L’eurodéputée Chrysoula Zacharopoulou, la secrétaire d’État chargée du Développement, de la Francophonie et des Partenariats internationaux de la République française, n’a pas manqué de situer l’importance stratégique de l’océan Indien dans le cadre de l’intérêt grandissant de la France pour la région de l’Indopacifique.

«Nous sommes liés par une véritable communauté de destin» a-t-elle indiqué. «Cette communauté de destin est forgée par un espace : l’océan Indien.Un espace dont l’importance stratégique majeure se confirme, année après année. Un espace auquel la France est présente, engagée et active : vous le savez, le président de la République lui-même a présenté la stratégie ambitieuse de la France pour l’Indopacifique. Un espace auquel la France est très fière d’appartenir. Un espace dont les défis sont nombreux : pour assurer la sécurité maritime ; pour faire face à l’urgence climatique ; pour garantir la sécurité alimentaire ; pour anticiper les risques pandémiques.»

Valorisation

Pour Huguette Bello, présidente de la Région Réunion, la valorisation des atouts naturels uniques des pays faisant partie de la Commission de l’océan Indien devrait retenir l’attention des dirigeants de cette organisation. «Nos territoires, en particulier les petites économies insulaires, partagent les mêmes défis. Il est indéniable qu’ils vont s’accentuer dans les années à venir, accroissant d’autant notre vulnérabilité, notamment par l’exposition face aux effets du changement climatique, la dépendance énergétique ainsi que par la problématique de la connexion aérienne, maritime et numérique. De la même manière, nos atouts naturels uniques, tels que notre biodiversité exceptionnelle, requièrent une attention particulière en matière de préservation, de conservation et de valorisation à l’échelle régionale mais aussi mondiale.»

Camille Clain, la douzième vice-présidente du Département de La Réunion, se dit d’avis, sur la base de la performance qui a été la sienne depuis sa création en 1984, que la Commission de l’océan Indien est en mesure de consolider davantage le concept de communauté indianocéaniquequi renferment les valeurs autour desquelles s’articule l’identité des pays de la région.
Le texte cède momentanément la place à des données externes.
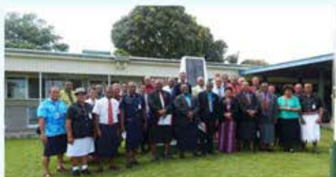
Members of the Standing Committee on Social Affairs on the island of Rotuma during their public consultation on the two Rotuma Bills in December, 2016.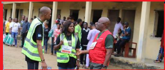
AAN Election Observers at the Akwa Ibom State LGA Elections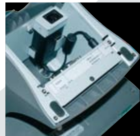
Integrated power supply adapter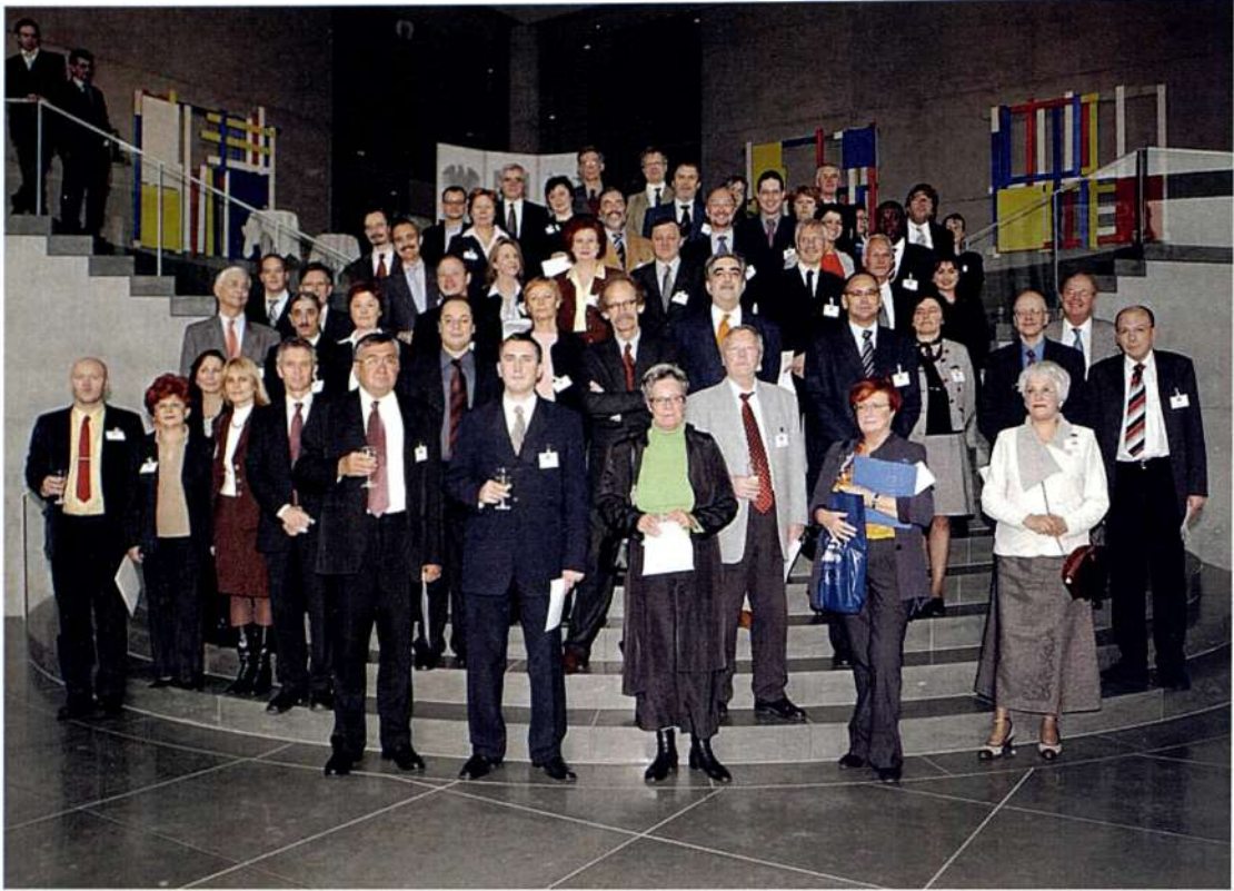
(Berlin, 14-15 October 2004 - Conference of Correspondents)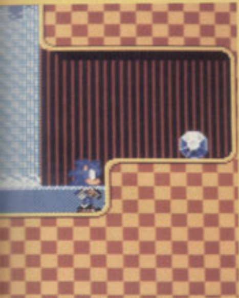
▲ An underground level greets Sonic.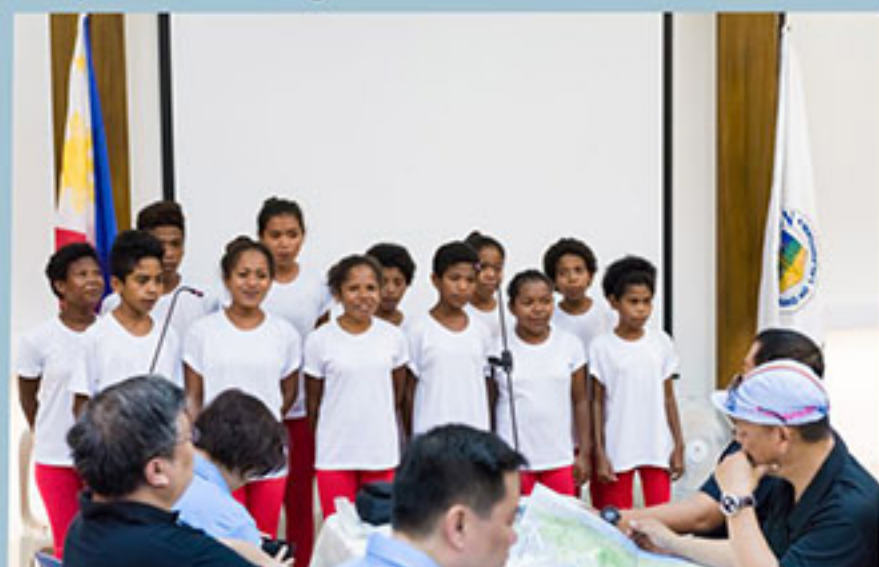
Young Bataan performers sing for CCP guests!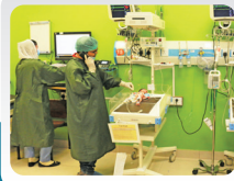
ADD 100 TRAINED STAFF/ER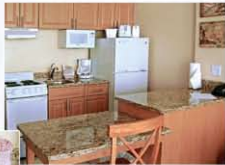
New dishwashers, stove/ovens, refrigerators, microwaves, toasters, coffeemakers, and more.

There's sawdust in the air at Daytona. We are in the process of remodeling all of the kitchens at the Daytona property. The new, brighter kitchens will include: new appliances, cabinets, fixtures, granite counter tops, and complete sets of cooking supplies and utensils.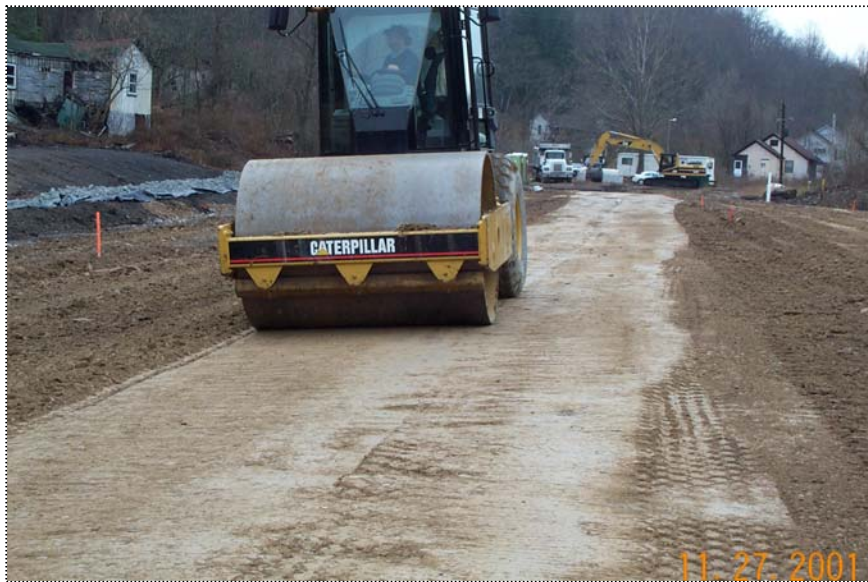
DCP1386 - Close up view of the of the roll compacting/sealing the cap material

«Quarante ans après sa création, devait préciser Camille Clain, la Commission de l’océan Indien a démontré sa capacité à porter, consolider et enrichir notre communauté de destin indianocéanique. Nos efforts doivent se poursuivre dans ce sens, et même être amplifiés, compte tenu des enjeux que nous avons devant nous, notamment celui du changement climatique.»

Madagascar n’est pas en reste par rapport à la nécessité pour la Commission de l’océan Indien de placer, sur la liste de ses préoccupations, le futur institutionnel de la COI. «Il est ainsi impératif,a souligné Rafaravavitafika Rasata, la jeune ministre malgache des Affaires étrangères de Madagascar, âgée de 36 ans, que nos décisions et nos actions répondent à nos priorités et nos besoins communs, que je résumerai en dix points.» La poursuite de la modernisation et de l’évolution institutionnelle de la Commission de l’océan Indien figure en deuxième position de cette liste de dix priorités, selon la ministre malgache pour la commission.